_Problem details_
Once the line holding "Ref: Macacão longo" is found in the listing below, write it out and each later line exactly, up to and including the one holding "Explore interesting and".

_Data in this exercise_
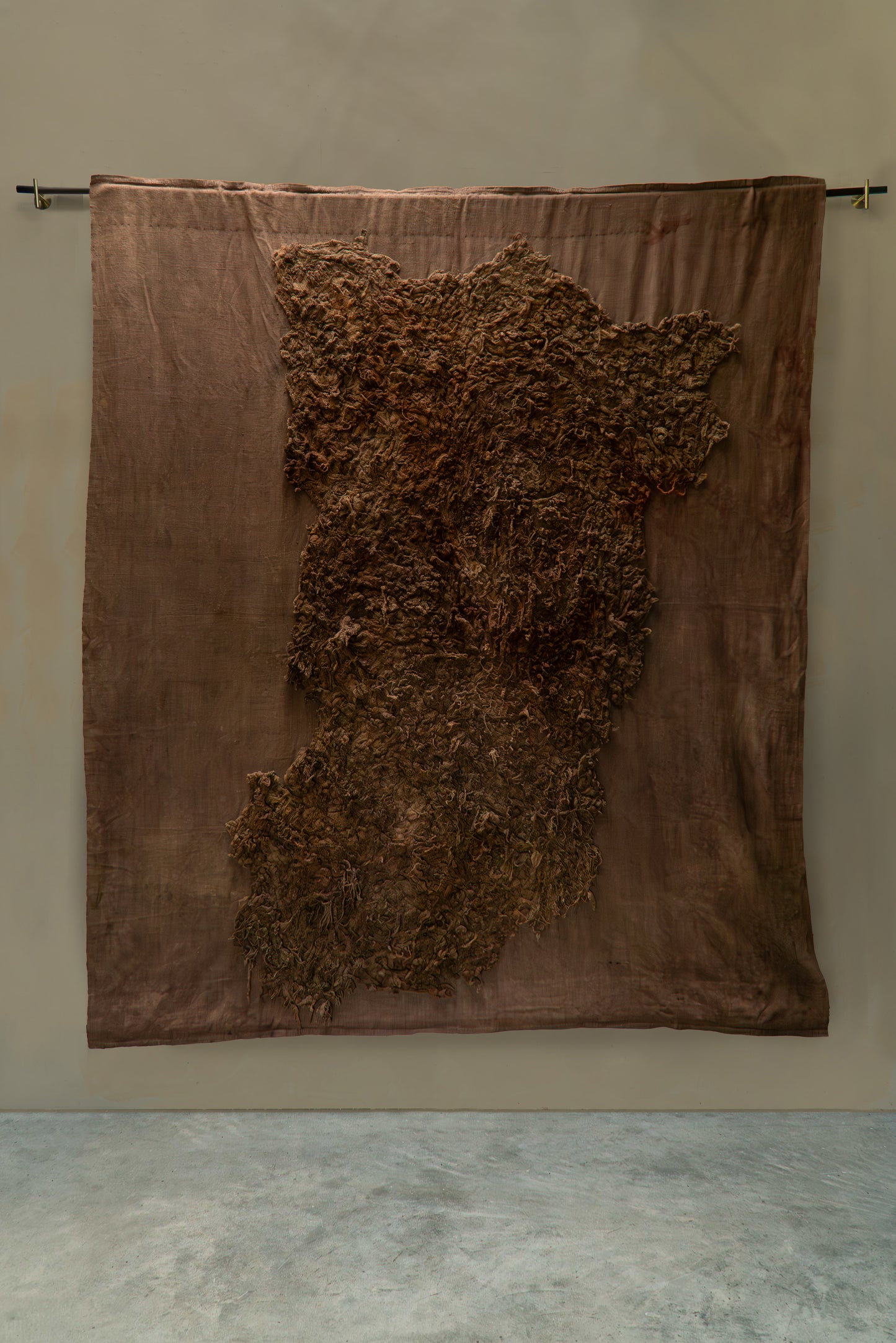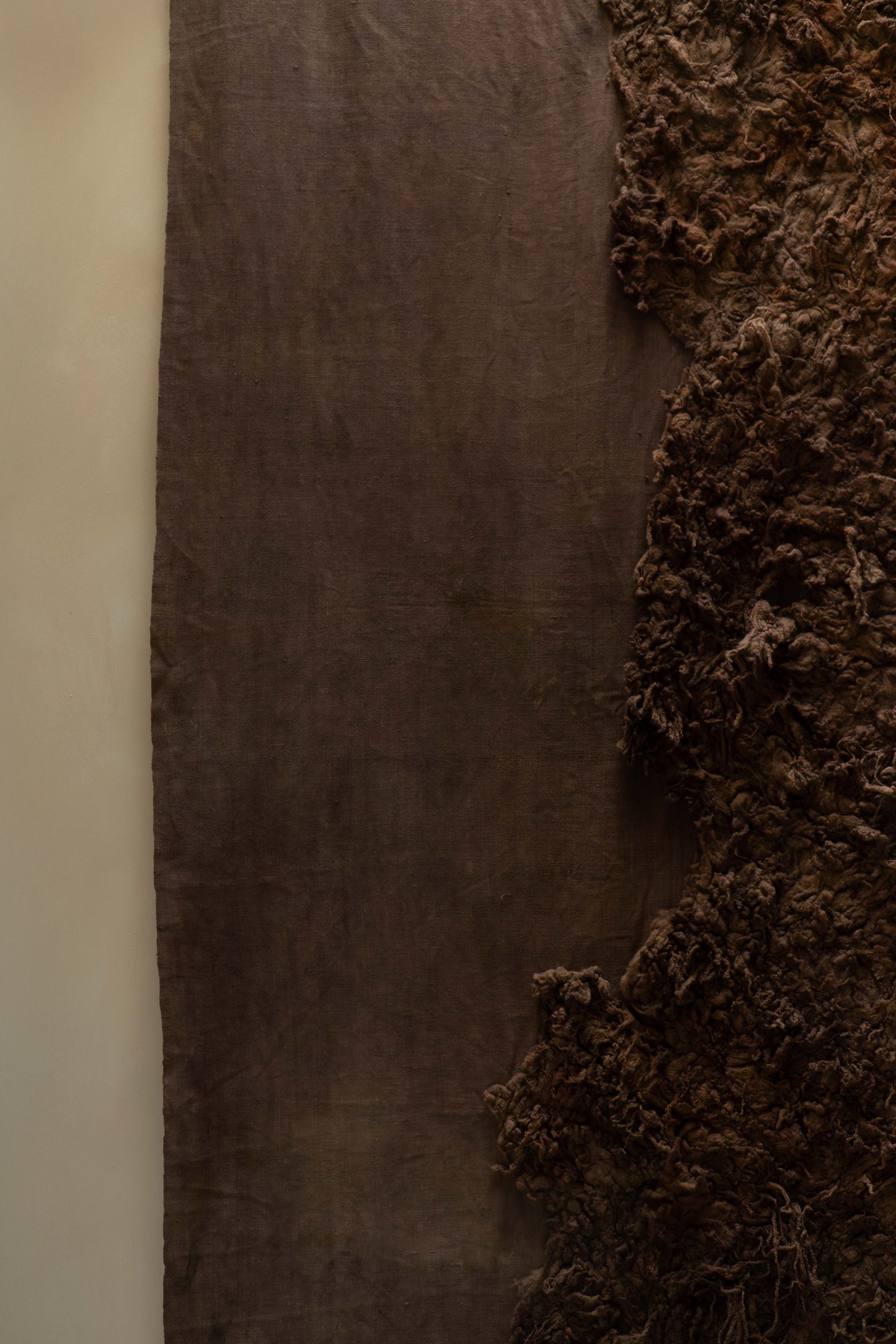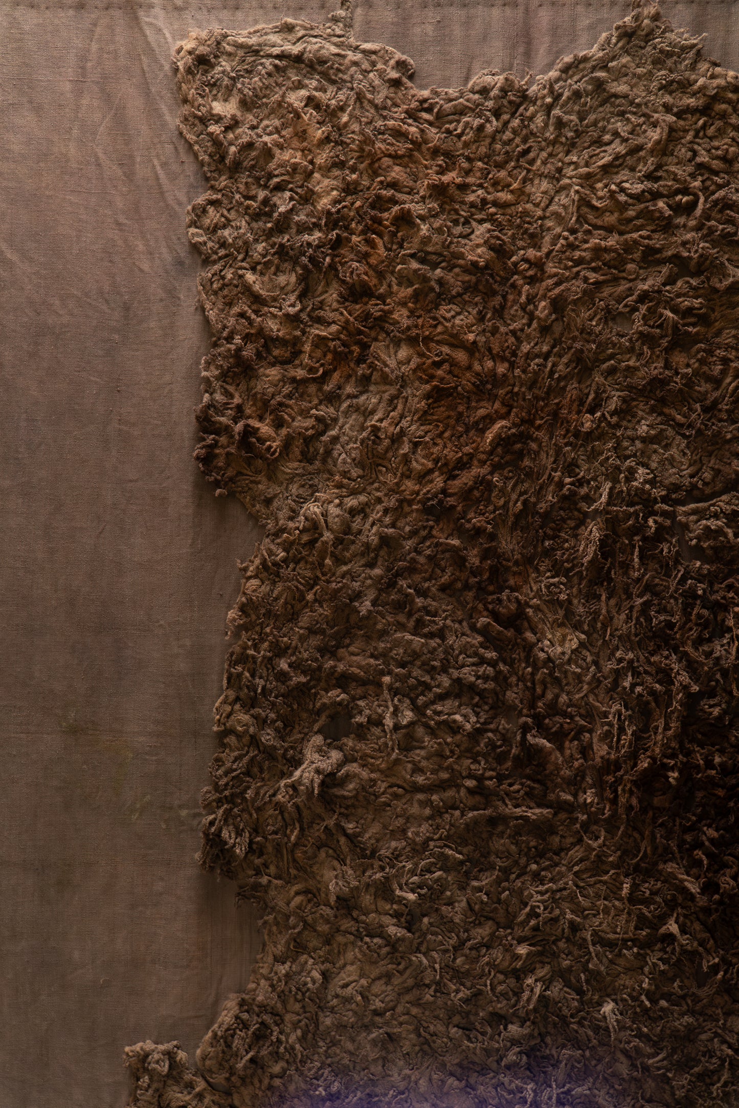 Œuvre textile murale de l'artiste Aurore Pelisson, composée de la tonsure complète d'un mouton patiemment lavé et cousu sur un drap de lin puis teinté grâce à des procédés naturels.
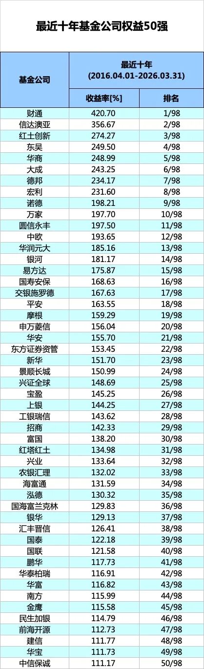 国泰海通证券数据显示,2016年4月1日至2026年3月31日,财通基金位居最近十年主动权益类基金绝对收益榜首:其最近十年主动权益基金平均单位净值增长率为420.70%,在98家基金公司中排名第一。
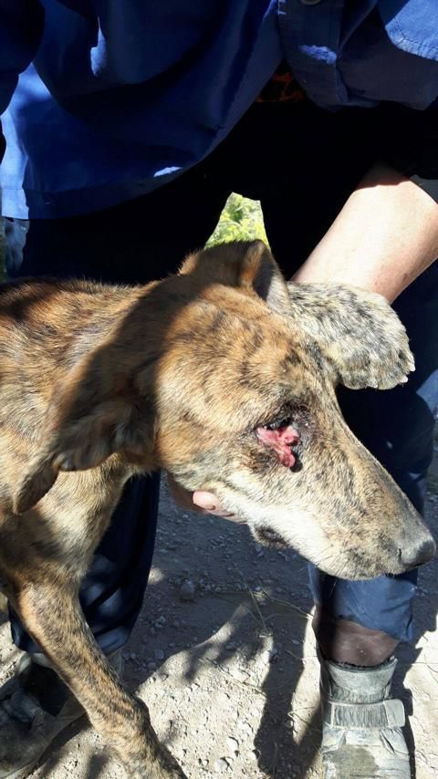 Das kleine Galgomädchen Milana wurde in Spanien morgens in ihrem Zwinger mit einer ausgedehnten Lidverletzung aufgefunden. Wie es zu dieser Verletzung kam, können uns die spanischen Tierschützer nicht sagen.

--

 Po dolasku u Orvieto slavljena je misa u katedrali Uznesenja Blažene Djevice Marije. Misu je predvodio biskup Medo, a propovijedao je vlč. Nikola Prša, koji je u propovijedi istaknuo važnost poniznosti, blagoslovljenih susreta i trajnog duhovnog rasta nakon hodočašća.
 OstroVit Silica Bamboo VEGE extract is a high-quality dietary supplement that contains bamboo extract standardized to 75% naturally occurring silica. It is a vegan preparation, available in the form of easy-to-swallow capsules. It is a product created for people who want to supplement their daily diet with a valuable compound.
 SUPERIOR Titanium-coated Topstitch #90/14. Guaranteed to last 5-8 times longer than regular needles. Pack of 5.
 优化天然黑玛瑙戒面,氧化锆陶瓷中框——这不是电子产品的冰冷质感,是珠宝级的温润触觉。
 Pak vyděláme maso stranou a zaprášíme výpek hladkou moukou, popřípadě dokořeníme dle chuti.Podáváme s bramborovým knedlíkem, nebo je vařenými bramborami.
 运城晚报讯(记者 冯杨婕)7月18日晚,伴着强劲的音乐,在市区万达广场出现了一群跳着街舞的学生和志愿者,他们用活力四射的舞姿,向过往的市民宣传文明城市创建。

--

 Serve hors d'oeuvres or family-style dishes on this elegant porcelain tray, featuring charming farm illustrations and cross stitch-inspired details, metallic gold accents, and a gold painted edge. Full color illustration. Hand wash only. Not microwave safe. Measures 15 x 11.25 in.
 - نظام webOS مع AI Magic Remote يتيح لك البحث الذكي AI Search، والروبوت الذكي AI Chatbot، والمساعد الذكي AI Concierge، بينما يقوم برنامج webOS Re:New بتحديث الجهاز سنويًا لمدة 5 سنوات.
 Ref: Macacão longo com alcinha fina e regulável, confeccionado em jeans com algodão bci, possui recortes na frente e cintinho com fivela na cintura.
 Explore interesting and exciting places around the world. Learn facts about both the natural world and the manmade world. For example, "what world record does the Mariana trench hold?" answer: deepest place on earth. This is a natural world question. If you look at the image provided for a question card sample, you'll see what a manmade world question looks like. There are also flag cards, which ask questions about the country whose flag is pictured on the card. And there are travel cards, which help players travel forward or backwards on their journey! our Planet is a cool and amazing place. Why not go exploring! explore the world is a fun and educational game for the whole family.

_Answer for the task_
 Ref: Macacão longo com alcinha fina e regulável, confeccionado em jeans com algodão bci, possui recortes na frente e cintinho com fivela na cintura.
 Explore interesting and exciting places around the world. Learn facts about both the natural world and the manmade world. For example, "what world record does the Mariana trench hold?" answer: deepest place on earth. This is a natural world question. If you look at the image provided for a question card sample, you'll see what a manmade world question looks like. There are also flag cards, which ask questions about the country whose flag is pictured on the card. And there are travel cards, which help players travel forward or backwards on their journey! our Planet is a cool and amazing place. Why not go exploring! explore the world is a fun and educational game for the whole family.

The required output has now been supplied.